- **ACTIVITY**
Output each record below exactly as it stands, leaving out the pictures.

**** RECORD SET ****

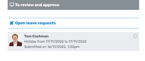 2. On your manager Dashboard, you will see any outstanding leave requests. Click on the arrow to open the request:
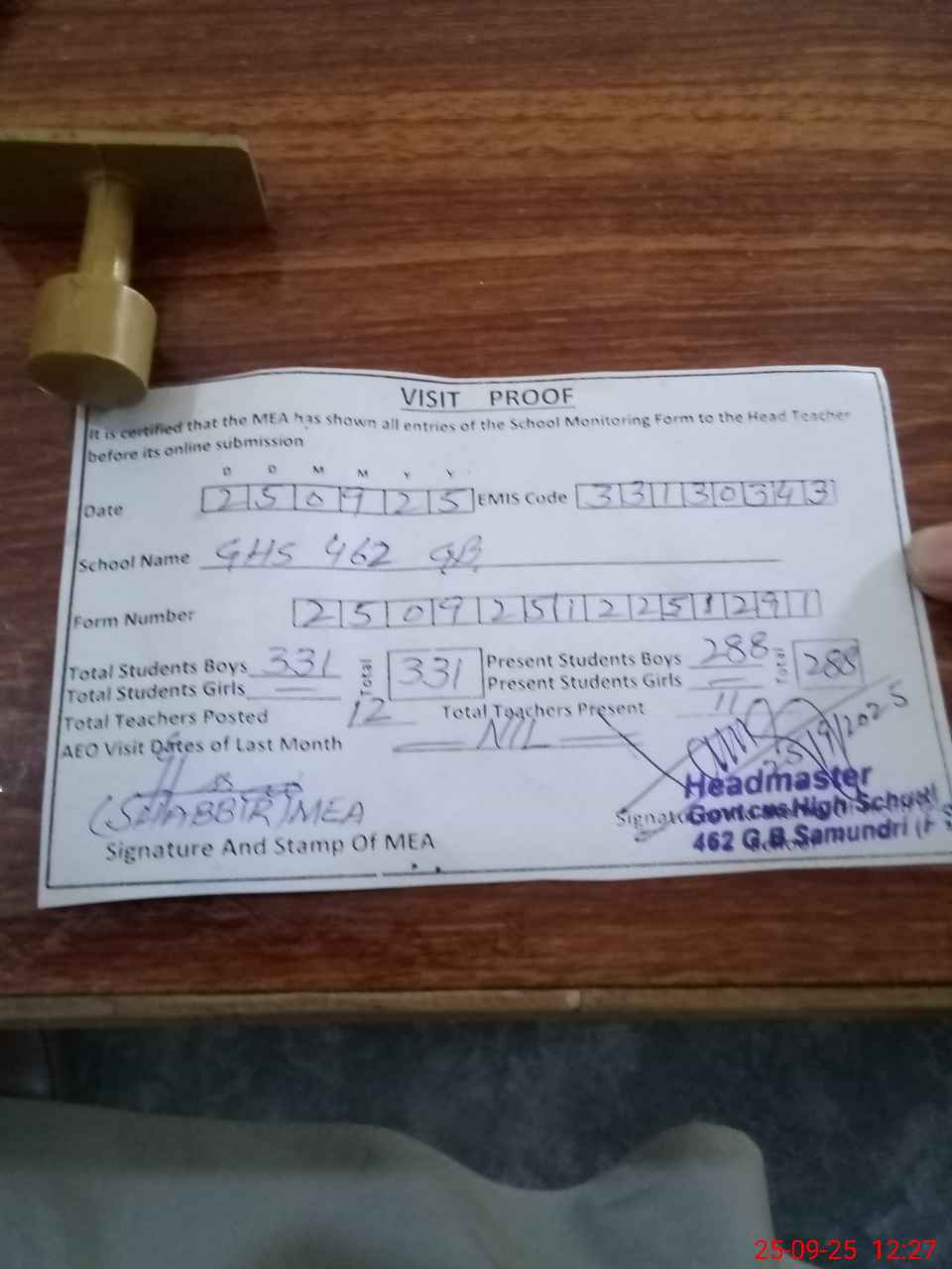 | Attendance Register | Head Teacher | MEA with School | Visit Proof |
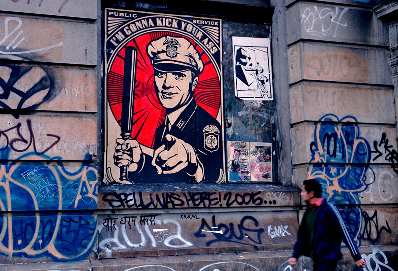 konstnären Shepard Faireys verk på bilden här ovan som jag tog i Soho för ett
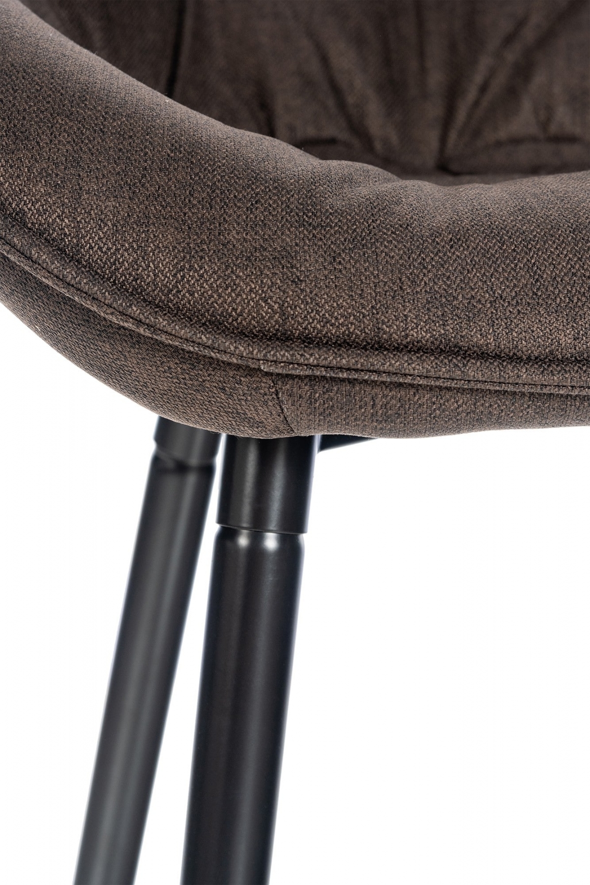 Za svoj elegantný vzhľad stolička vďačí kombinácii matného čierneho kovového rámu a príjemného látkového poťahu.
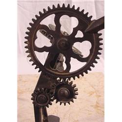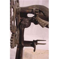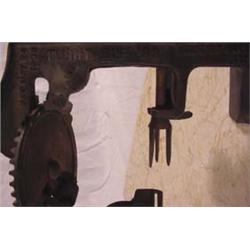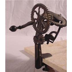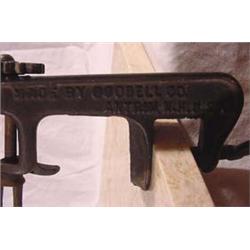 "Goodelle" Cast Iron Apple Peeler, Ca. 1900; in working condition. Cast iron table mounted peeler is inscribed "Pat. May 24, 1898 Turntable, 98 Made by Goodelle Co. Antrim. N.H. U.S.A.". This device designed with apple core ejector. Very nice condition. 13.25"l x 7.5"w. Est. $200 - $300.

****

- **RESPONSE AREA**
 2. On your manager Dashboard, you will see any outstanding leave requests. Click on the arrow to open the request:
 | Attendance Register | Head Teacher | MEA with School | Visit Proof |
 konstnären Shepard Faireys verk på bilden här ovan som jag tog i Soho för ett
 Za svoj elegantný vzhľad stolička vďačí kombinácii matného čierneho kovového rámu a príjemného látkového poťahu.
 "Goodelle" Cast Iron Apple Peeler, Ca. 1900; in working condition. Cast iron table mounted peeler is inscribed "Pat. May 24, 1898 Turntable, 98 Made by Goodelle Co. Antrim. N.H. U.S.A.". This device designed with apple core ejector. Very nice condition. 13.25"l x 7.5"w. Est. $200 - $300.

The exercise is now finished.